100% CPU usage after some time, cannot query bandwidth usage

hsgg commented 5 years ago

nlbwmon seems to go into an infinite loop, using ~50% cpu, refusing to service the frontend. This happens after a few days, or sometimes a few weeks. I'm on MIPS, R6220. I see the same sort of strace as mentioned in a forum thread: lots of

recvmsg(7, {msg_namelen=12}, 0)         = -1 EAGAIN (Resource temporarily unavailable)
recvmsg(7, {msg_namelen=12}, 0)         = -1 EAGAIN (Resource temporarily unavailable)
recvmsg(7, {msg_namelen=12}, 0)         = -1 EAGAIN (Resource temporarily unavailable)
recvmsg(7, {msg_namelen=12}, 0)         = -1 EAGAIN (Resource temporarily unavailable)
recvmsg(7, {msg_namelen=12}, 0)         = -1 EAGAIN (Resource temporarily unavailable)
recvmsg(7, {msg_namelen=12}, 0)         = -1 EAGAIN (Resource temporarily unavailable)
recvmsg(7, {msg_namelen=12}, 0)         = -1 EAGAIN (Resource temporarily unavailable)
recvmsg(7, {msg_namelen=12}, 0)         = -1 EAGAIN (Resource temporarily unavailable)
recvmsg(7, {msg_namelen=12}, 0)         = -1 EAGAIN (Resource temporarily unavailable)
recvmsg(7, {msg_name={sa_family=AF_NETLINK, nl_pid=0, nl_groups=0x000001}, msg_namelen=12, msg_iov=[{iov_base={{len=164, type=0x100 /* NLMSG_??? */, flags=0x600 /* NLM_F_??? */, seq=0, pid=0}, "\x02\x00\x00\x00\x3c\x00\x01\x80\x14\x00\x01\x80\x08\x00\x01\x00\xc0\xa8\x01\xf6\x08\x00\x02\x00\xc0\xa8\x01\x01\x24\x00\x02\x80"...}, iov_len=16384}], msg_iovlen=1, msg_controllen=0, msg_flags=0}, 0) = 164
recvmsg(7, {msg_namelen=12}, 0)         = -1 EAGAIN (Resource temporarily unavailable)
recvmsg(7, {msg_namelen=12}, 0)         = -1 EAGAIN (Resource temporarily unavailable)
recvmsg(7, {msg_namelen=12}, 0)         = -1 EAGAIN (Resource temporarily unavailable)
recvmsg(7, {msg_namelen=12}, 0)         = -1 EAGAIN (Resource temporarily unavailable)
recvmsg(7, {msg_namelen=12}, 0)         = -1 EAGAIN (Resource temporarily unavailable)
recvmsg(7, {msg_namelen=12}, 0)         = -1 EAGAIN (Resource temporarily unavailable)
recvmsg(7, {msg_namelen=12}, 0)         = -1 EAGAIN (Resource temporarily unavailable)
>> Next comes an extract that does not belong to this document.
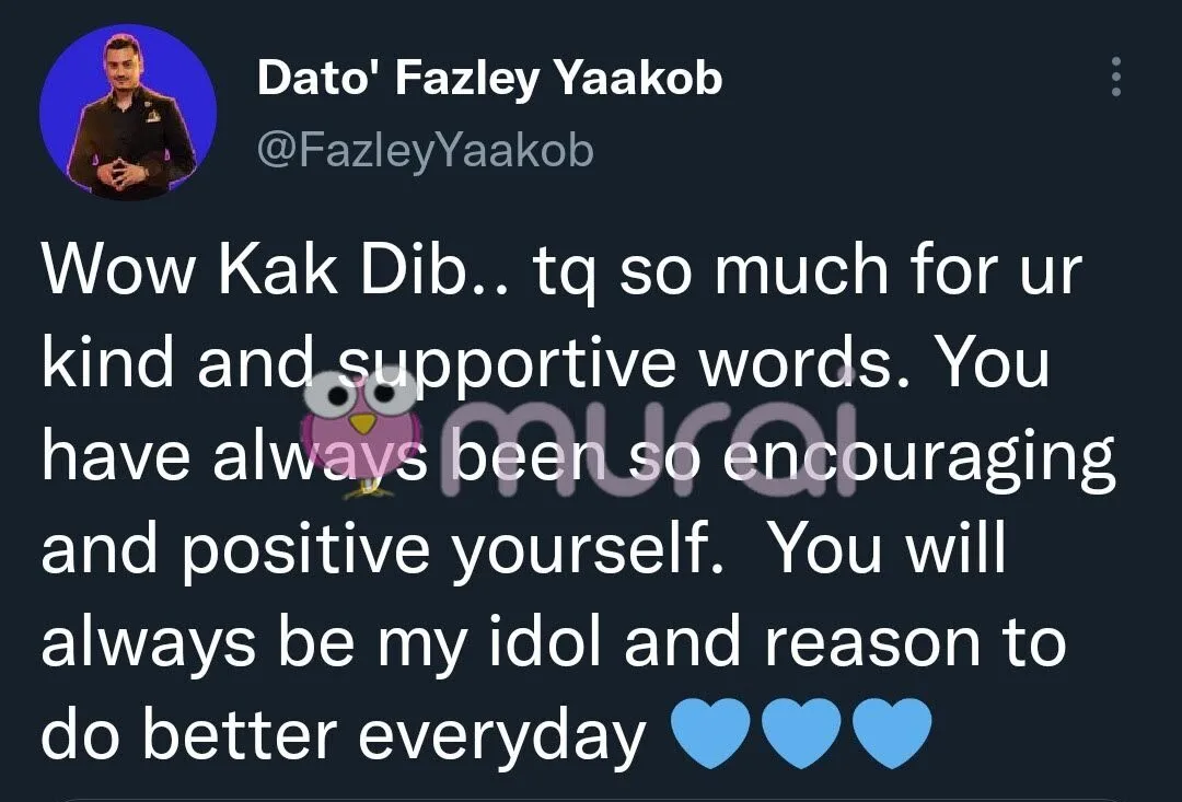 “Wow, Kak Dib..terima kasih banyak di atas kata-kata yang baik dan sokongan. Anda sentiasa menggalak dan positifkan diri anda. Anda akan sentiasa menjadi idola saya dan alasan untuk melakukan dengan lebih baik setiap hari”-Dato’ Fazley Yaakob
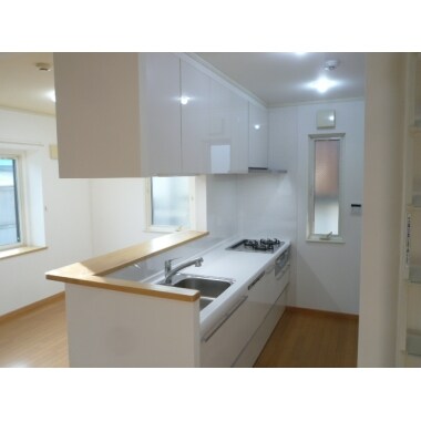 既存カウンター内キッチンを交換させていただきました。白色グロス面材で明るく清潔感あふれるキッチンになりました。

There are many more of the EAGAIN messages than the ones with more information. The command nlbw -c list just hangs:

root@OpenWrt:~# nlbw -c list

jow- commented 5 years ago

This should be fixed with 4574e6e80e3a5ab8de65886baa0d563dfee589ff now - please reopen if it still occurs.

hsgg commented 5 years ago

Thank you! I updated my router, and will report back in case it occurs again.

PieterBreugelmans commented 4 years ago

This week I proceed to upgrade my R7800 with the latest master build from hnyman and I'm facing the same problem reported in this issue.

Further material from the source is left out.